I had one brush that scratched and I am pretty sure it was due to the tips of the pins not being rounded. My dogs never complained about it, but I rubbed the brush on my forearm once and was surprised how sharp it felt. My CC brushes don't scratch my skin.

Have you tried brushing your forearm with your two brushes? I think you'll see it is the brush, not your method.


----------



## EstrellaVila (Nov 30, 2007)

Thanks, good to know it wasnt my fault. Its just weird that it only happened to me out of the people I know that use the brush brand. 

Does the pin length make a difference in the brushes for a full/longer coat? I feel like the longer the pin length the more wobbly the pins get and even bent/moved around in the brush pad.


----------



## Me&2Girls (May 11, 2007)

I like the 27 mm pin size but I've seen them recommend the 35 mm but I think they are too long.


----------



## Havtahava (Aug 20, 2006)

EstrellaVila said:


> Does the pin length make a difference in the brushes for a full/longer coat? I feel like the longer the pin length the more wobbly the pins get and even bent/moved around in the brush pad.


I have no idea which breed would utilize the 35mm, but like you and Lisa have already stated above, I prefer the 27mm.

The 35mm just seems to bend too easily instead of getting through the coat.

Estrella, your original brush that scratched wasn't a CC brush, was it? If so, they will take back their products.


----------



## EstrellaVila (Nov 30, 2007)

It was not a CC brush, but my new one is and I do like it. I am going to have to start some sord of yard sale for all my unwanted/leftover grooming stuff. I don't save receipts like you, I am bad like that I guess. I just figure I will never see the vendors again so why keep pieces of paper. Oh well.


----------



## Maxmom (Jul 22, 2008)

Estrella,

I'm new to the forum, but your yard sale is a good idea for newbies hav owners like me! 

I'm shopping for a pin brush for Max that my pocketbook can afford. He will never be a show dog, but I want to brush and bathe him so as not to damage the coat. Havs are so beautiful!

Ever since Max's last cut, his hair is cottony instead of feathery. Is this normal? I don't know if it's because he is a puppy (10 months old), the hair cut, or my grooming tools/and or technique. (your opinions would be appreciated)

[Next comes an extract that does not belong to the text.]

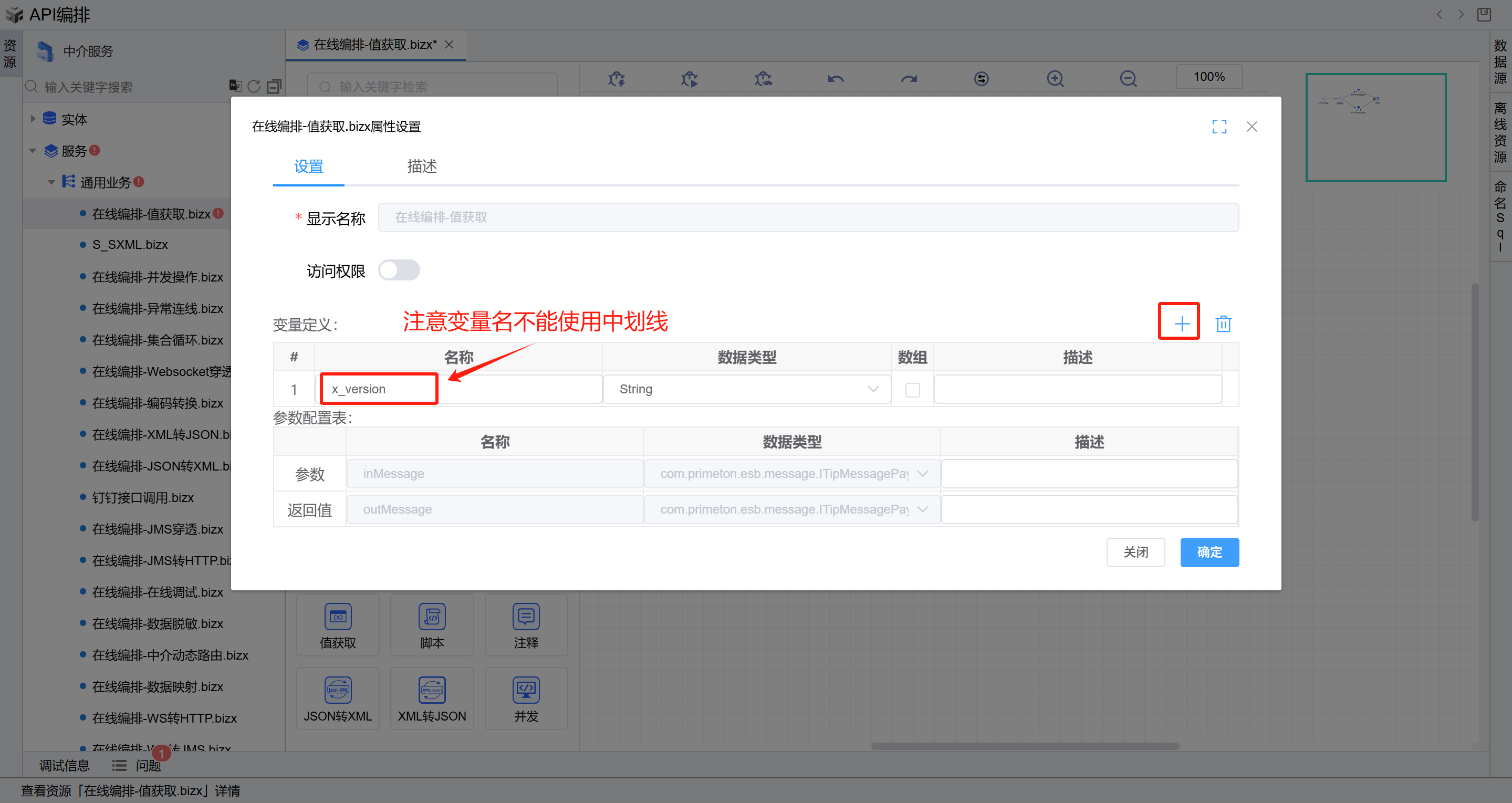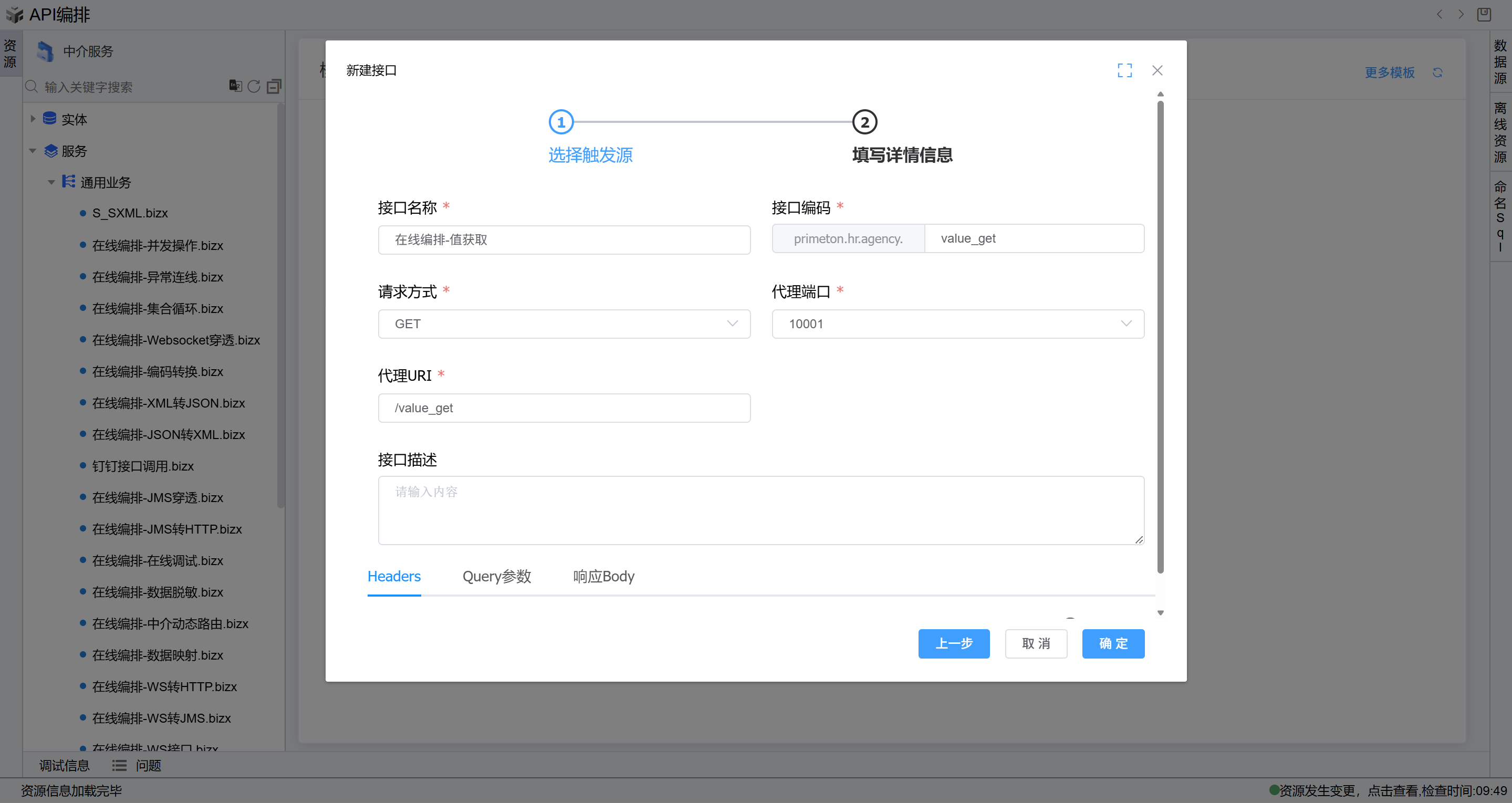 - 选择左侧树上中介服务节点,点击API创建按钮,选择右侧的”API编排“页签,点击”API编排“按钮,进入在线编排页面。

Should I go ahead and bite the bullet on the price of a CC brush or is there a less expensive pin brush anyone would recommend? I am using a pin brush I bought at PetsMart, so obviously, it's not top notch. I learned on this site not to use a slicker brush, so I use a comb to comb out the matts and tangles.

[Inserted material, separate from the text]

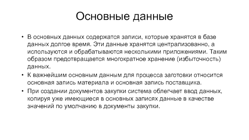 К важнейшим основным данным для процесса заготовки относится основная запись материала и основная запись поставщика.
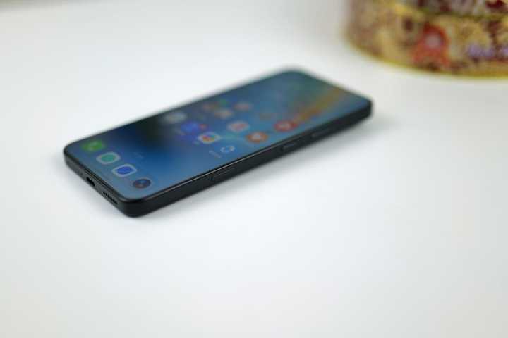 手机正面屏幕为直屏,四边等宽,屏占比很高。 |

Has anyone ever bought a used CC brush? Would that be a mistake (if I found one)? 

I really appreciate all of the good advice I've read on this site. I apologize if I've asked questions that are redundant.


----------



## JASHavanese (Apr 24, 2007)

Maxmom said:


> Should I go ahead and bite the bullet on the price of a CC brush or is there a less expensive pin brush anyone would recommend? I am using a pin brush I bought at PetsMart, so obviously, it's not top notch. .

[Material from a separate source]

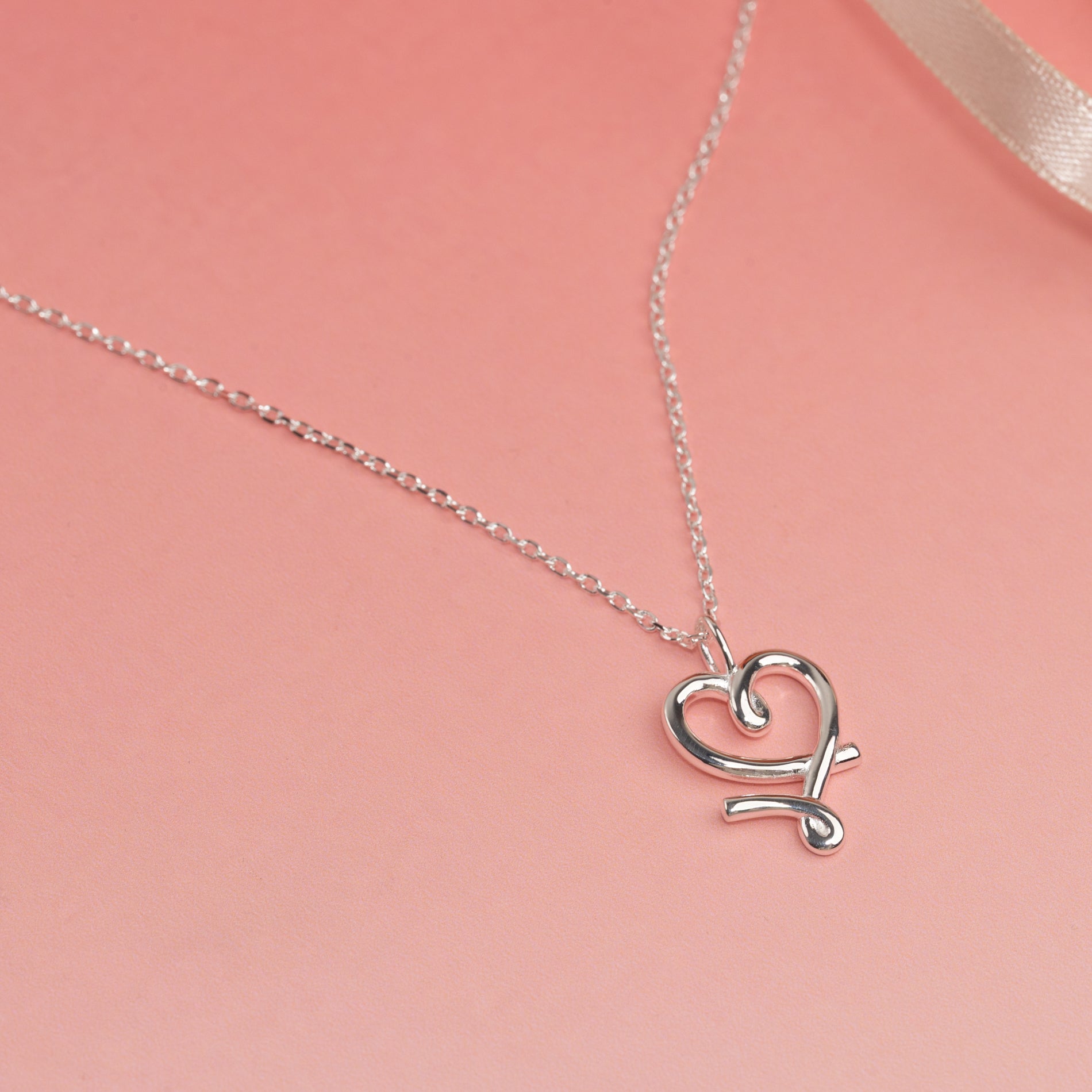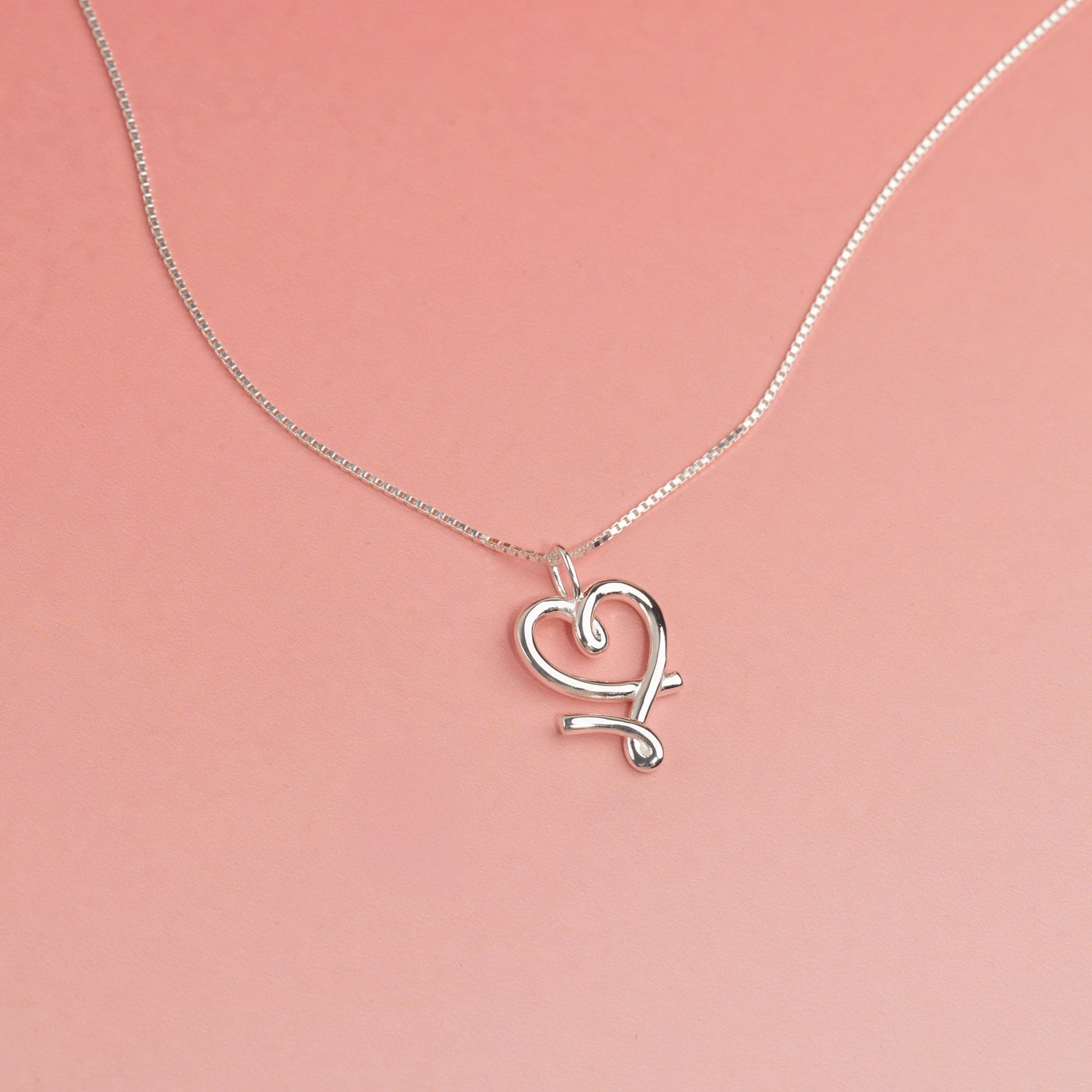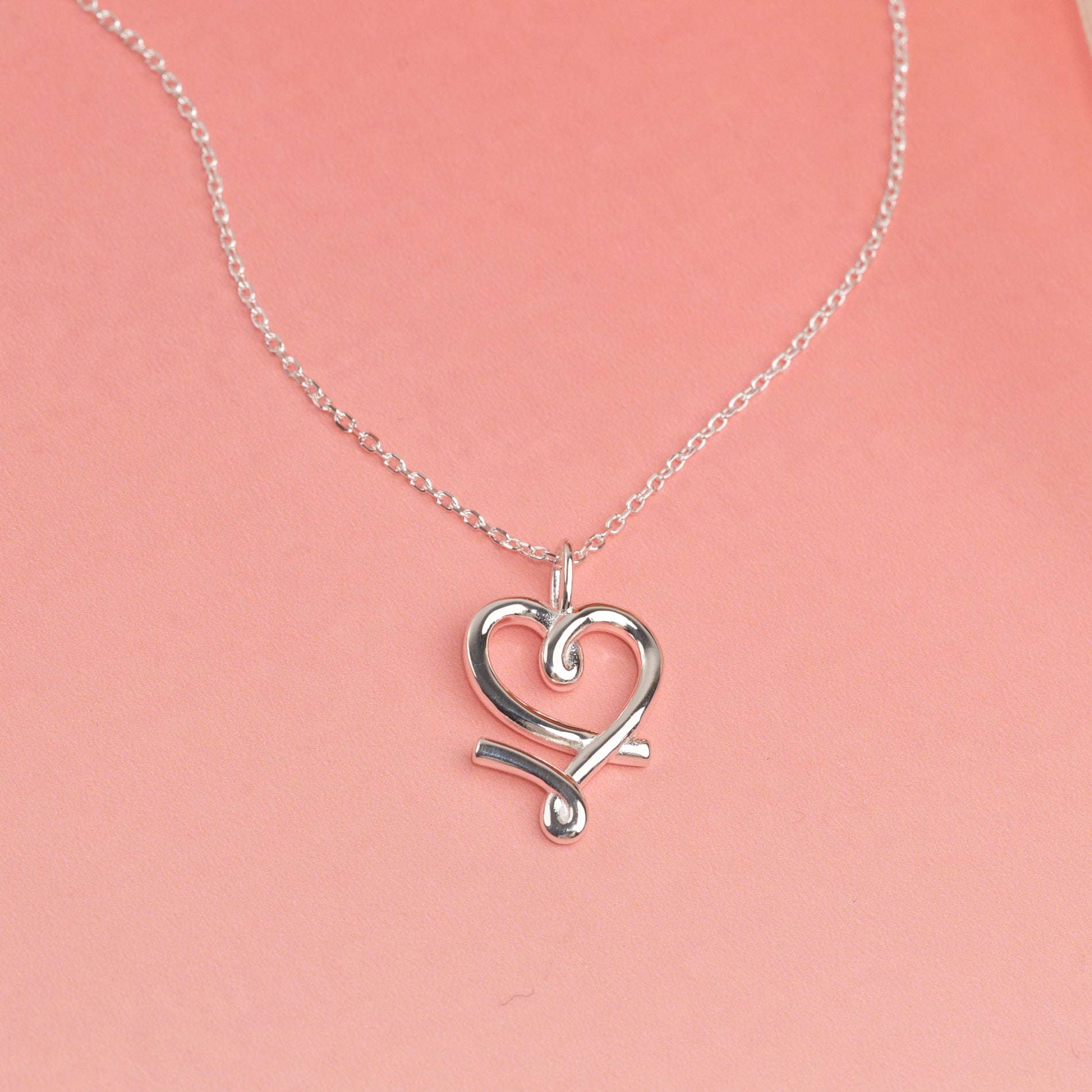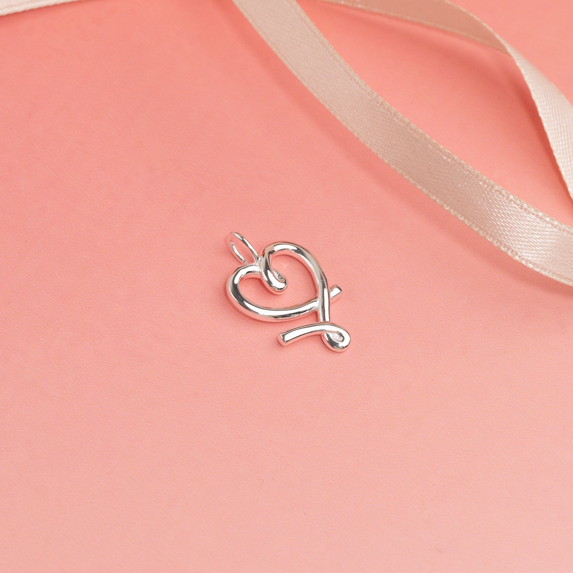 The pendant features an organic heart-shaped design with delicate twisted details, creating a light and feminine look. It measures 12.5 mm in width and approximately 17 mm in height.

I'm one of the weird ones and don't like the CC products. I used to have a greyhound comb that I loved and lost it at a show. No other one I've bought since has measured up to it. The DOLLAR STORE had combs and I bought one........LOVED IT..and went back and bought a bunch more of them. The problem with the comb was that after a few combings, the comb would come out of the handle. Darn, the comb part was fantastic. I just ordered a new greyhound comb and a pin brush today. If they're good, I'll post where they're from.
I agree with running the brush down your own arm. If it hurts you, it can hurt your dog.


----------



## Me&2Girls (May 11, 2007)

*Madan Brushes - awesome alternative brush*

One brush I haven't seen anyone mention are the Madan brushes - they make the coats look beautiful. Many Maltese exhibitors use them and now I've seen quite a few Havanese people with them. Here's what they look like.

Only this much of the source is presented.